Patanjali, the great scholar, compiler of the Yoga Sutras, identify - among the basic ethical rules to practice properly the Art of Yoga - the principle of asceticism, tapas, also translated as "austerity, ability to voluntarily accept some material restrictions get superior benefits. "
It is said that Brahma, the father of all beings and the first to be created in the universe, confused about its origin and its true identity, hear the ta-pa divine syllables, which sounded in the infinite space, including of having to engage in meditation before generating the entire cosmos and all living beings. The discipline of the word is thus a practical inextricably linked to the spiritual search.
Silence is also a prerequisite in order to prepare to listen.
Listening (the glories of the Lord) is one of nine classic devotional practices of Bhaktivedantica Tradition (the other eight are the memory, the singing, the service, worship, prayer, friendship, humility and l ' surrender to God).
In his book "The Quality of Spiritual Researcher", Marco Ferrini, Founder and President of Centro Studi Bhaktivedanta, analyzing the twenty-six virtues that each of us should develop to live in harmony with themselves and with the universal cosmic laws, cited and discussed in two key texts of the Gaudiya Vaishnava tradition, that is, the Bhagavad-gita and Caitanya-caritamrta, puts it this way: "the devotee is defined Mauni, quiet, because he has no desire to discuss issues that do not concern self-realization, and who do not carry to light the way for the return to God. Mauni also means tolerance and respect for others, even for those who have a tendency to entertain others with trivial matters. In these cases, silence is worth much more than the word, such as fasting has more value than an inedible meal. "
"Life is what happens while you're busy making other plans," he sang John Lennon in a piece dedicated to his son, taking up an ancient motto of Sufism. All taken from pursuing external models, we repeat constantly empty words.
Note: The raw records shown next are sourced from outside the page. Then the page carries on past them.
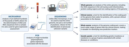 Therefore, refining genetic risk scores for T1D development remains a pressing issue. Accounting for ethnic differences is among the most apparent routes for progress in this field. However, it should be remembered that methods of varying information volume are used to assess the contribution of innate factors: from examining targeted gene activity in high-risk patients to whole genome sequencing (Figure 1). The exome and genome analysis is preferable for research purposes to identify new significant polymorphisms. Due to high costs, these methods are difficult to apply routinely in clinical practice. Nevertheless, relatively inexpensive tests (DNA microarrays, genetic panels, created for T1D predisposition screening) can be applied in clinical diagnostic practice, based on the identified pathogenetically significant SNPs. In addition to direct risk assessment, genetic testing may predict the age of T1D onset. Accordingly, after risk estimation, an individual monitoring strategy can be offered and a therapeutic window for pathogenetic therapy identified. Integrating and identifying polymorphisms associated with specific age of onset will greatly improve the utility of risk scores and increase the effectiveness of early detection and treatment of T1D.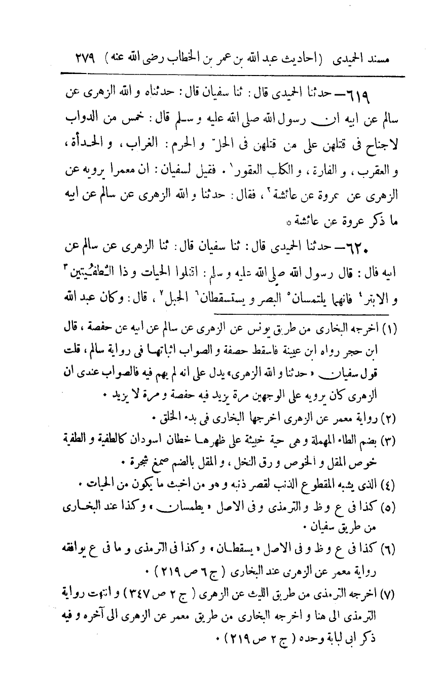 620 - حدثنا الحميدي قال ثنا سفيان قال ثنا الزهري عن سالم عن أبيه قال قال رسول الله صلى الله عليه و سلم : اقتلوا الحيات وذا الطفيتين والأبتر فإنهما يلتمسان البصر ويستسقطان الحبل قال وكان عبد الله يقتل كل حية وجدها فأبصره أبو لبابة أو زيد بن الخطاب وهو يطارد حية فقال أنه قد نهى عن ذوات البيوت قال سفيان كان الزهري أبدا يقول فيه زيد أو أبو لبابة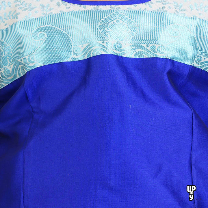 - Vibrant Ethnic Style: This elegant and colorful ethnic dress features a Blue and Aqua top with intricate embellishment and a flowing print skirt.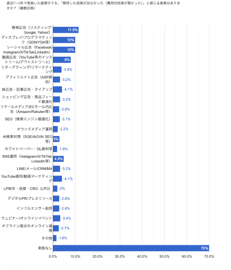 失敗施策のワースト1位は「検索広告」:費用対効果が悪かった施策として18.5%が回答。「ソーシャル広告(16.7%)」を上回り最多。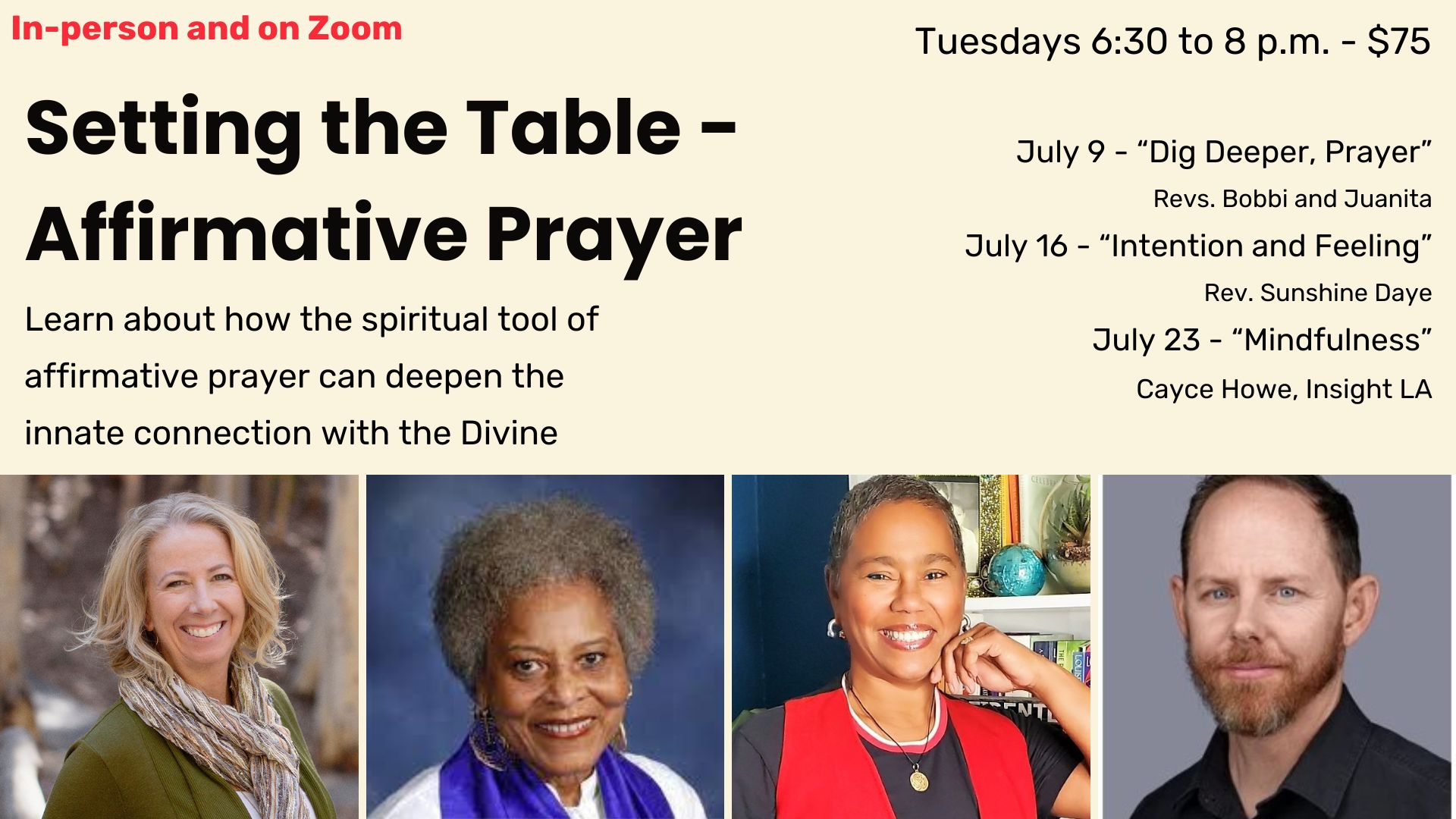 Prayer is a powerful spiritual practice in the teachings of Science of Mind. Join us as we go deeper into our inner dialog in and around prayer, making it more accessible for all. We will explore the history of prayer, unpack our own beliefs around it, learn how to approach prayer with intention and feeling,...

Our inner world never tires to be heard, even when there incaponiamo along paths that do not belong: calls us with a crisis, with a disease, with a financial collapse, with a sudden loss of our false reference points, but more often than not we listen because we have a head full of preconceptions and clichés.
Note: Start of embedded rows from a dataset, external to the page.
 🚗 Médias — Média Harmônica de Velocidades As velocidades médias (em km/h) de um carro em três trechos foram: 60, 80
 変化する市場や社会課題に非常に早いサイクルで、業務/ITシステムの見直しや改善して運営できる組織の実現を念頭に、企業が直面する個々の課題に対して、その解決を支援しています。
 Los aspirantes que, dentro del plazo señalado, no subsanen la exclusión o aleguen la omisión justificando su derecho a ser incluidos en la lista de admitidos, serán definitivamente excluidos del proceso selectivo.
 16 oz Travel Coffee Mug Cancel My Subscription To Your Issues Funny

To detoxify the mind must be cured with silence.
Jung writes: "Loneliness is for me a source of healing that makes my life worth living. The talk is often an ordeal for me and I need to be hospitalized for several days of silence by the futility of words. "
Only in silence can emerge what we are, because words do nothing but hog our internal engine, as well as stones thrown over a spring run the risk of otturarla. In the absence of words, however, we can hear our inner voice, who knows what we need to stay healthy and continually reminds us.
If you want to understand the other does not listen to the words he says but what he does not say. Silent in us what is true, he speaks what is acquired.